The Christian belief that God specially and uniquely founded the United States of America emphasizes the Christian faith of the U.S. Founding Fathers. That belief also affirms the Christian foundation and character of “America” by pointing to the clear confessions of faith on our currency, “In God We Trust,” and in our pledge of allegiance, “One Nation under God.”
A more historically informed viewpoint will note that these two additional affirmations also arose in particular moments and for motives beyond simple faith affirmations. Originally stamped on coins for a brief period during the 1800s, the phrase “In God We Trust” was resurrected in the 1950s to be stamped on all U.S. currency, and was approved as the first official U.S. motto, to distinguish ourselves from the atheistic Soviets (and, for some, from FDR’s socialist-leaning “New Deal”). “Under God” was added to the pledge of allegiance at the same time for the same reasons.
U.S. history has different strands interwoven into a complex history. There is no single foundation or pure metanarrative of faith and heroism.
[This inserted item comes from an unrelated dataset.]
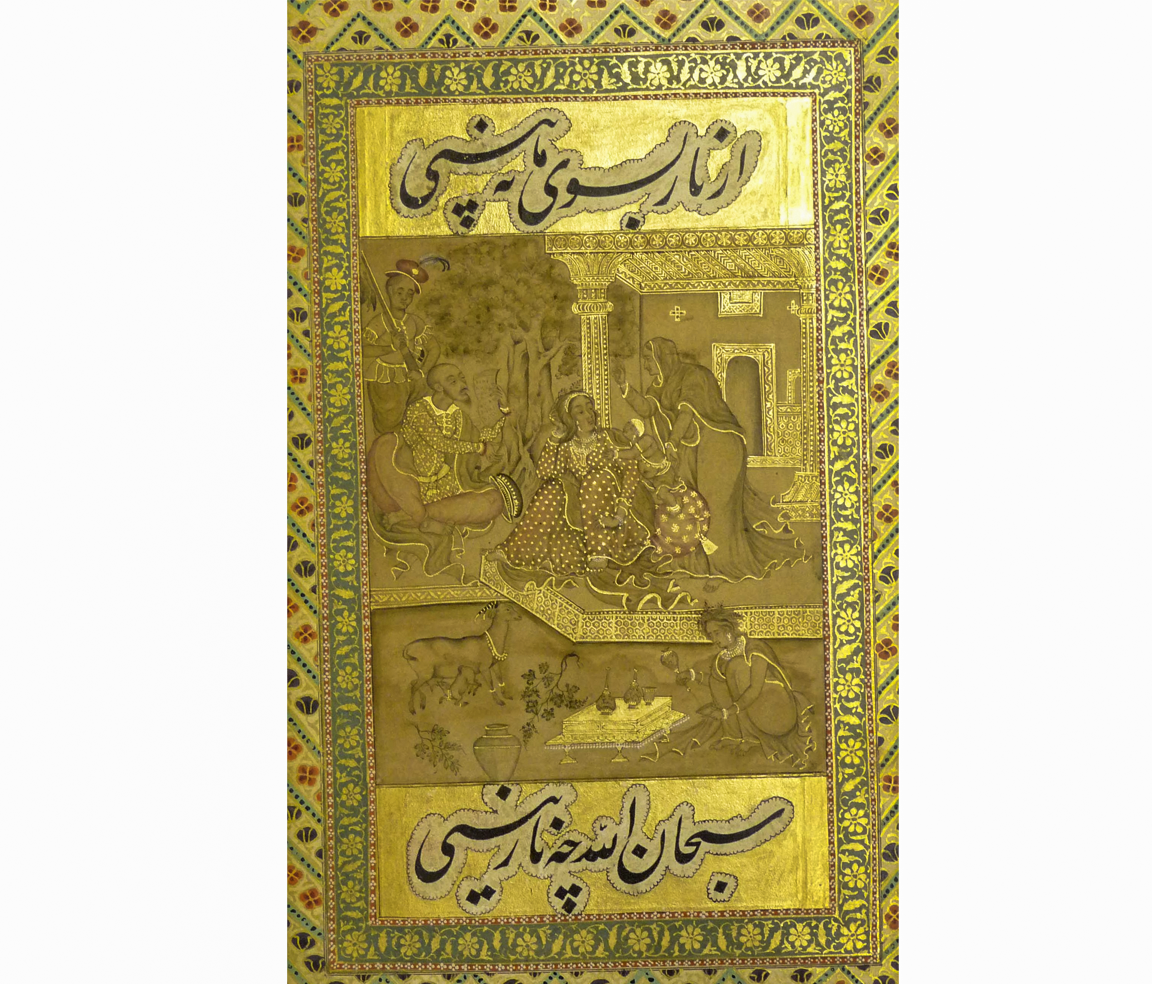 ژزوئیتهای مستقر در گوا، مستعمرهی پرتغال، احتمالاً نخستین اروپاییانی بودند که در اواخر قرن شانزدهم به دربار مغول در فاتحپور سیکری راه یافتند. پس از دریافت دعوتنامهی اکبر شاه (حکمرانی 1608-1556)، امپراتور مغول، آنان در خلال سالهای 95-1580 سه مرتبه به دربار رفتند. هدف آنان از این سفرها تلقین مسیحیت به مغولان بود. در خلال سومین حضور در دربار لاهور، پدر زیرونمو شویر[1] (1617-1549) با همکاری عبدالستار ابن قاسم لاهوری (دوران فعالیت 1615-1590)، مورخ دربار مغول، متنی به زبان فارسی بر اساس عهد عتیق و عهد جدید فراهم آورد، مشهور به «مرآتالقدس». این متن به درخواست اکبر شاه تهیه شد و در سال 1602 در آگره کار آن به پایان رسید. پدر شویر دو نسخه از اثر خود را به اکبر شاه و فرزندش، شاهزاده سلیم (بعدها جهانگیر شاه)، تقدیم کرد. به رغم آن که تبلیغ مسیحیت چندان موفقیتآمیز نبود اما تأثیر آن بر هنرمندان محلی کاملاً آشکار بود. اکبر شاه و سلیم با ایجاد کارگاههای نقاشی، یکی در آگره و دیگری در اللهآباد، به هنرمندانشان سفارش دادند تا برای نسخههایی که از مرآتالقدس در اختیار داشتند تصاویری آماده کنند.

There has been courageous faith, but there has also been racist genocide and enslavement of fellow human beings. Bringing divine design, favor, or blessing into national declarations runs the risk of trying to co-opt God simply for self-justification, self-benefit, and glossing over wrong.
We can smile at opposing fans praying for their players to score or to stop a score. Within U.S. history, however, generations have either benefited or suffered - and God has by no means sanctioned either unjust gain or oppression of people he loves. God is God, and in his presence “the nations [including the United States of America] are like a drop from a bucket, and are accounted as the dust on the scales” (Isaiah 40:15). God is the God of the whole world, not of any one country. We must recognize him as such, as well as see ourselves as white U.S.-Americans in his true light. Those of us who still doggedly hold onto the belief in an exceptional, divinely founded and blessed “America” must divest ourselves of such a faith that risks co-opting the one true and living God of the universe. Kyrie eleison.